In this edition of the newsletter, we have chosen to highlight a recent motion, Georgios Apostolidis and Wawanesa Mutual Insurance Company (FSCO A12-0040701), which discusses how Pain Disorder can meet the catastrophic threshold on the Mental and Behavioural criterion in the OCF-19.

This case is important, as there was an argument on how data on the client’s ability to function was collected.

Although the arbitrator designated the client Catastrophic, it may be more convincing and less argued in future cases if more data would be collected by the OT to support behavioural problems affecting independence with ADLs, which is the OT’s domain after all.
On October 30, 2009, Mr. Apostolidis was injured in a motor vehicle accident. He sustained 3 fractures in his left leg and ankle requiring multiple surgeries and a laceration to his nose requiring several stitches.

He began to experience headaches, pain in his right shoulder, neck and lower back. He was participating in physiotherapy and taking pain medication in order to help alleviate his pain. He also began to develop pain in his right leg as he was carrying most of his weight on this leg to eliminate weight on the left injured leg.

Prior to the accident, the Applicant worked up to 60 hours per week as a cook and lived a busy social lifestyle with his wife. They enjoyed going out with friends and travelled on an annual basis. Following the accident, according to Mr. Apostolidis, his life had been turned upside down. He was not able to return to work, lost contact with his friends and had to move to a smaller apartment due to financial reasons and the upkeep required with a house. As well, he had lost his intimacy with his wife and they began sleeping in separate bedrooms.

Mr. Apostolidis applied for catastrophic determination based on both 55% Whole Person Impairment and the Mental and Behavioural criterion. The insurer assessors determined that the claimant did not meet the definition of catastrophic impairment under either Whole Person Impairment or Mental and Behavioural Disorders.

Dr. Hines, the insurer Psychiatrist, felt that the Applicant appeared fully oriented and focused with no evidence of any disorder, no evidence of anger, irritability, impatience or difficulty with concentration and concluded that he did not have any mental and behavioural impairments.

Dr. Gerber, the Applicant’s Psychiatrist, concluded that Mr. Apostolidis did suffer a Class 4 Marked Impairment in the category of Activities of Daily Living. Dr. Gerber reported,

“Psychological factors, including depression, how bothered he is at his inability to function and how helpless he feels at ever getting better, play an important role in the severity and maintenance of his pain. Mr. Apostolidis meets criteria for the diagnosis of pain disorder associated with both psychological factors and a general medical condition,,. Pastore v. Aviva Canada Inc. stated that ‘a cumulative approach must be used to consider pain in the realm of physical and mental disorder’”.

There was an argument that Dr. Gerber relied too much on the Applicant’s self-report rather than using objective standards but the Arbitrator rejected the argument and found that Mr. Apostolidis was catastrophically impaired because he had a Marked Impairment due to a mental or behavioural disorder and agreed with Class 4 Impairment (Marked) in the areas of activity of daily living.  

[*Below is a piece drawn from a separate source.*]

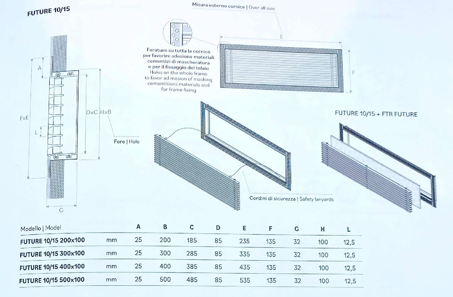 - Итальянская декоративная 200x100мм решетка FUTURA10

At GLA we conduct a situational assessment to collect objective data on the client’s ability to function and include all the 4 spheres on the Mental and Behaviour chapter #14 in the AMA guides. Our therapists have received certification through the American Board of Forensic Professionals in the 4th Edition of the AMA guides to the Evaluation of Permanent Impairment.
This assessment report will assist CAT assessors and arbitrators with their decision on CAT designation, as it shows how much and at what efficiency (pace, mistakes, duration) the client can do in a day, considering pain, depression, fatigue, anxiety and other mental symptoms.  
To learn more about our situational assessments, please contact us.
With the approach of the summer months, we have chosen to highlight the importance of bike and helmet safety on our blog. To read more about helmets, bikes, and road safety, visit our blog.
Our second blog post this month covers career development theories and vocational choices. It was written by one of our social workers and vocational specialists, Iva Keighley. To learn more about this important topic, click here.  

We are excited to be a Silver Sponsor at the Brain Injury Diagnostics: What’s New and What You Need to Know Conference hosted by MRI Appointments, OBIA & BIAD on June 2, 2015 in Oshawa. 

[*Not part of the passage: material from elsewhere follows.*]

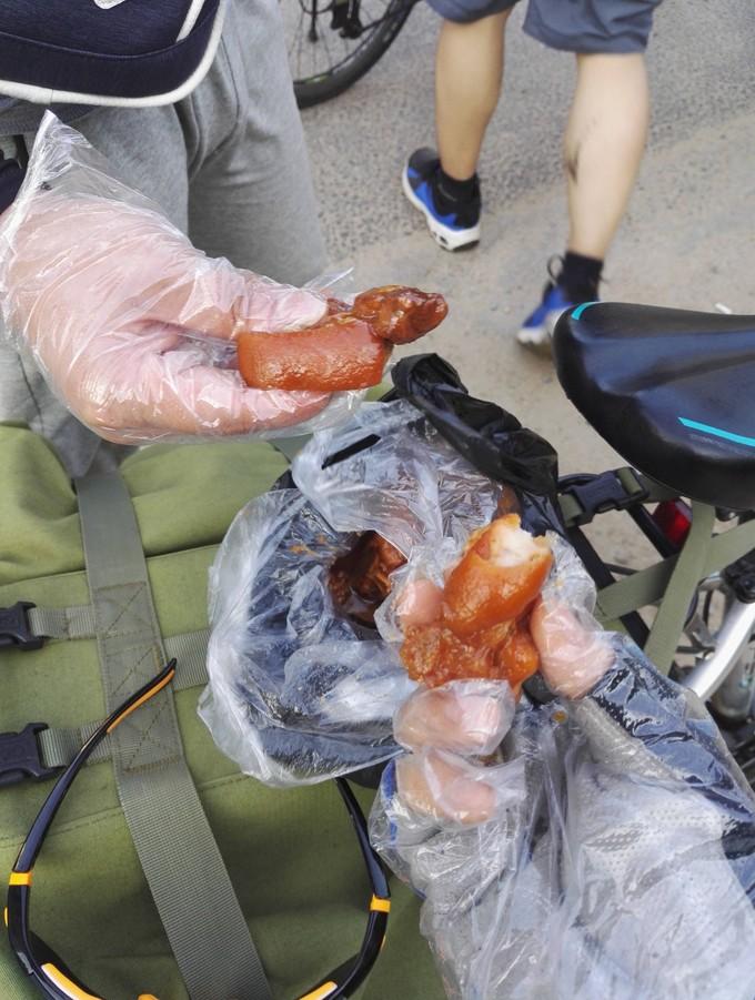 阳光强烈,气温较高,运动量大,蒸发旺盛,必须不断补充水分。我每天骑行8个小时以上,喝水500ml的至少5瓶,但途中基本没有“唱歌”的冲动。脱水中暑的后果是严重的。除了早餐吃饱晚餐吃好,路上也需要不停地进食补充能量,饼干、沙琪玛、蛋黄派都是不错的选择。不过饼干本身很干,估计在很渴的情况下没啥欲望。

We will also be a Silver Sponsor at the June 10th, 2015 BIST/OBIA Mix and Mingle event, an event that raises awareness of brain injury, as well as funds to support ongoing programs and services.

We hope to see you all there!

Best Regards,
Galit Liffshiz, MA OT Reg. (Ont.)
President of GLA
Expertise and Experience in Life Care Planning
Designated Capacity Assessor

Helmet and Bike Safety

With the sun shining and the summer months approaching, it is time to pull out your bike from the garage and enjoy a bike ride. But before you do this, you need to learn about bike safety and how to prevent accidents from happening. Read more...

Career Development and Employability Dimensions

Career development can be defined as the total constellation of economic, sociological, psychological, educational, physical and chance factors that combine to shape one’s career. Read more...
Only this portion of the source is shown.